Molecular model of the drug (in gray) in interaction with some structures of the disordered proteins (in green and orange).
Pancreatic cancer is one of the most lethal tumors and, up until now, drugs available to fight it are only generic chemotherapy treatments. The protein Nupr1 belongs to the special class of “intrinsically disordered proteins” and its involvement in this pathology has been demonstrated since the ’90s by a French team of the National Institute of Health in Marseille.
The aim of discovering a molecule capable to inhibit this protein has been now reached through a study performed by the Institute of Nanotechnology of the National Research Council of Italy (Cnr-Nanotec), unit of Rende (Cosenza), in collaboration with several research units in Spain, including the universities of Elche and Zaragoza, and the center for hepato-digestive diseases of Madrid, in cooperation with the Cancer Center of Marseille.
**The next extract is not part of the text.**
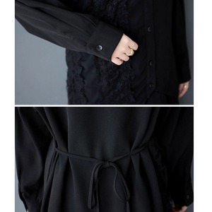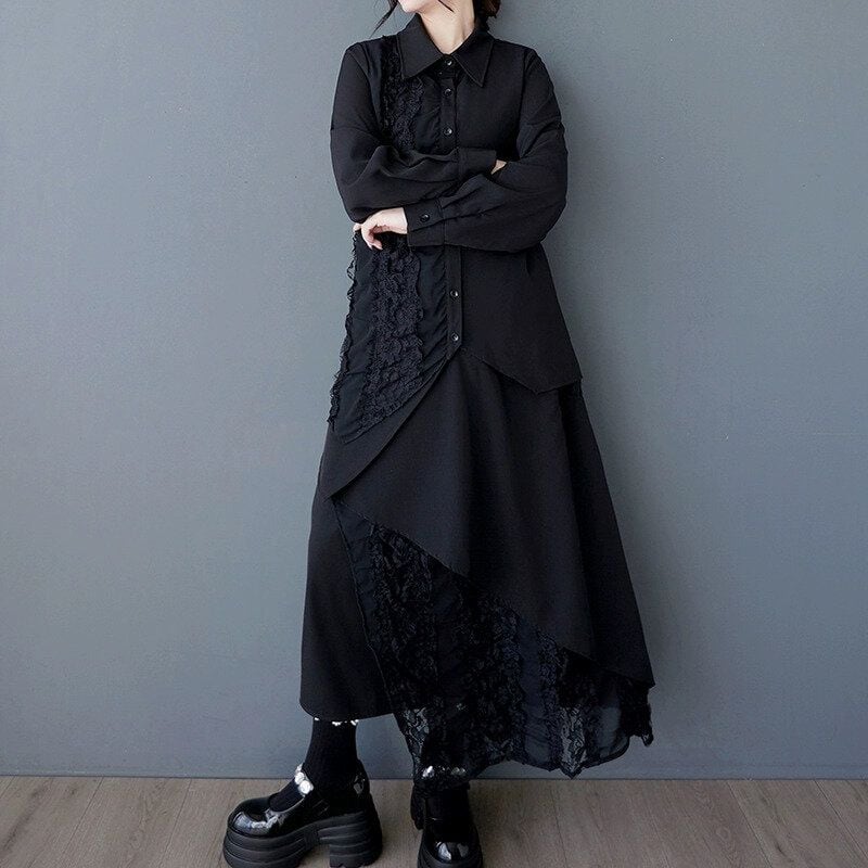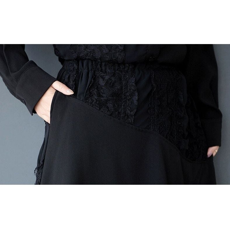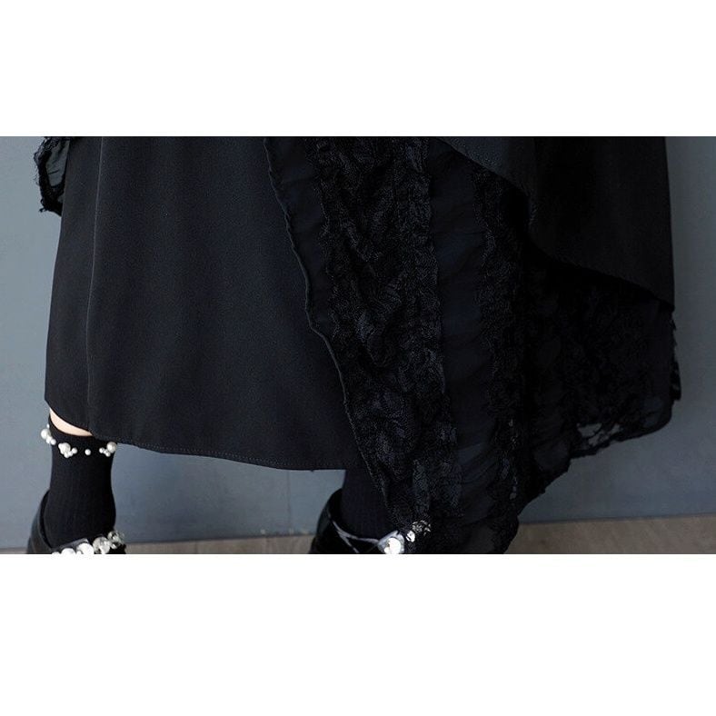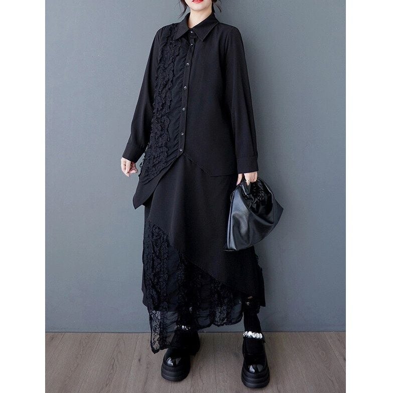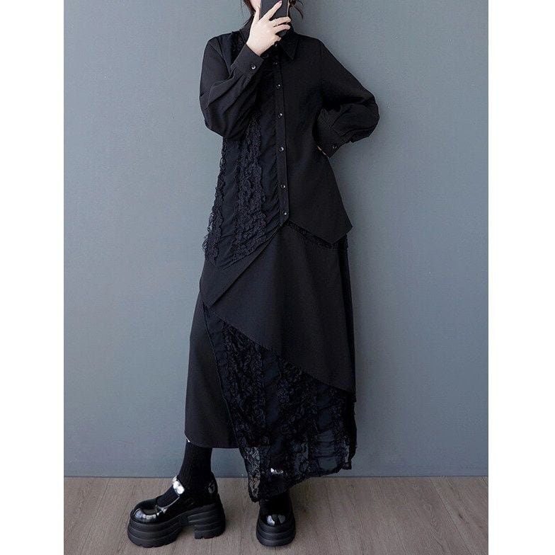 レースのスティッチが美しいアシンメトリックなシルエットが目を惹く、ポロ襟・長袖・イレギュラーヘムのデザインシャツとロングスカートのセットアップです。スカートはウエストがゴムなので、着脱が簡単で履き心地が良いです。オールブラックの、クールとガーリーがミックスした印象のアイテムです。

“The research has been performed starting from the screening of more than 1000 drugs already approved for various therapeutic indications,” explains Bruno Rizzuti of Cnr-Nanotec in Rende. “The combined use of experimental techniques and computer simulations has allowed us to identify some of those drugs capable to interact with the protein Nupr1. ‘In vitro’ experiments have afterwards shown that the selected compounds were able to lower the vitality of tumor cells, reduce the ability of migration, and completely suppress the possibility of colony formation. The most effective compound has been tested ‘in vivo’ on human pancreatic cancer cells transplanted on mice, and proved to be able to completely arrest the development of the disease. The molecule at issue — known as trifluoperazine, and used until now only for its anti-psychotic action — has demonstrated an antitumor efficacy even higher than the most powerful chemotherapy treatments available so far. Furthermore, this study shows that this new molecule constitutes not only an alternative to such previously known drugs, but it can be combined with them to increase the overall therapeutic effect.”
“According to one of the dogmas of classical biology,” he adds, “the conformation of a protein should be unique and well defined to allow each of these ‘molecular machines’ to carry out a specific function. Disordered proteins overturn the validity of this principle and, due to their flexible structure, are able to perform multiple functions of cell communication and regulation. However, the absence of well-defined structural elements appeared to be an insurmountable obstacle to proceed to a rational design of selective drugs to hinder their action.”